This solution reference architecture follows a five-class model:
Expedited Forwarding (EF)—for voice applications
Assured Forwarding (AF)—for video applications
Some campus networks can choose to deploy a more granular approach to the classifying traffic; however, the number of classes here should be considered sufficient based on the application levels tested as part of the Midsize Enterprise Campus solution.
High availability (HA) and resiliency is essential for maintaining connectivity and avoiding service disruption. The expectation in this Midsize Enterprise Campus Solution Reference Architecture is to ensure uninterrupted (sub-second recovery) access, including during voice and video sessions, in the event of hardware or software failure in the network. Additionally it assumed, there is the ability to minimize downtime during planned outages through the use of features such as nonstop routing (NSR), nonstop bridging (NSB), and nonstop software upgrades (NSSU).
High Availability at Layer 2
In campus architecture, each access switch is connected to two aggregation switches for redundancy to provide reliability and HA. Aggregation switches are interconnected at Layer 2. As shown in Figure 3, this can create a Layer 2 loop. Ethernet does not have any inherent way to track frames that are looping.
The following techniques are detailed to address Layer 2 looping.
Spanning Tree Protocol (STP)
Spanning Tree Protocol (STP) is the industry standard for preventing Layer 2 loops. STP calculates the best path through a switched network that contains redundant paths. STP uses bridge protocol data unit (BPDU) data frames to exchange information with other switches. STP uses the information provided by the BPDUs to elect a root bridge, identify root ports for each switch, identify designated ports for each physical LAN segment, and prune specific redundant links to create a loop-free tree topology. The resulting tree topology provides a single active Layer 2 data path between any two endpoints.
Figure 4 shows how STP creates a single path to any endpoint.

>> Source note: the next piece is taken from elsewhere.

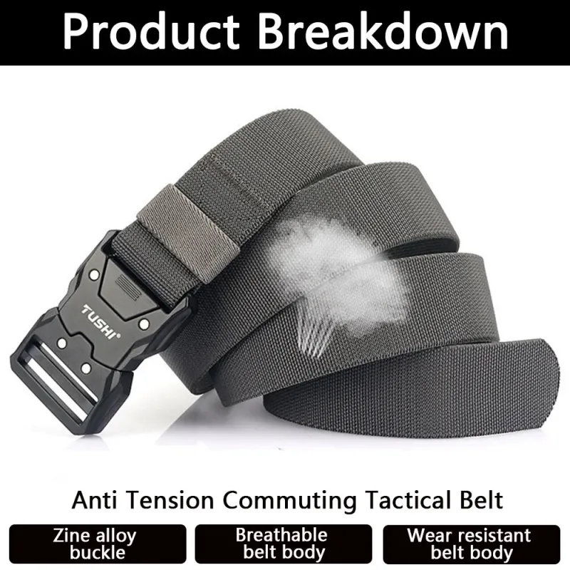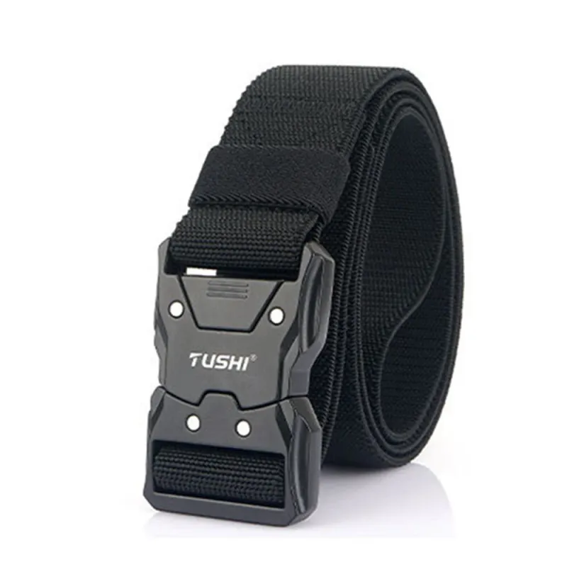 TUSH125cm Quick Release Tactical Belt Men Metal Buckle Nylon Elastic Girdle for Military Training Hiking Outdoor Work

Although STP can prevent Layer 2 loops, it is not an efficient protocol. At any given time, a Layer 2 switch port can be listening, learning, forwarding, or blocking in order to determine the loop-free data path. Many improvements have been made to STP to improve its convergence time from 50 seconds to much less. However, STP does not perform sub-second convergence like most Layer 3 protocols can. Another disadvantage of STP is that it blocks all but one of the redundant paths that are connected. As a result, network resources can be under-utilized as there are occupied switchports not actively in use (because they are in a blocking state). Real-time applications suffer most when STP is used alone in a campus environment. To avoid the performance limitations of STP, this reference architecture used virtual chassis and MC-LAG.
Virtual chassis is an intelligent technique for avoiding Layer 2 looping altogether. As shown in Figure 5, multiple switches are brought under a single management and control plane, creating a virtual device that consists of two or more physical devices. A client access device (depicted as an EX4300 in Figure 5) can use link aggregation technology when it detects that it has two or more links connected to the virtual chassis.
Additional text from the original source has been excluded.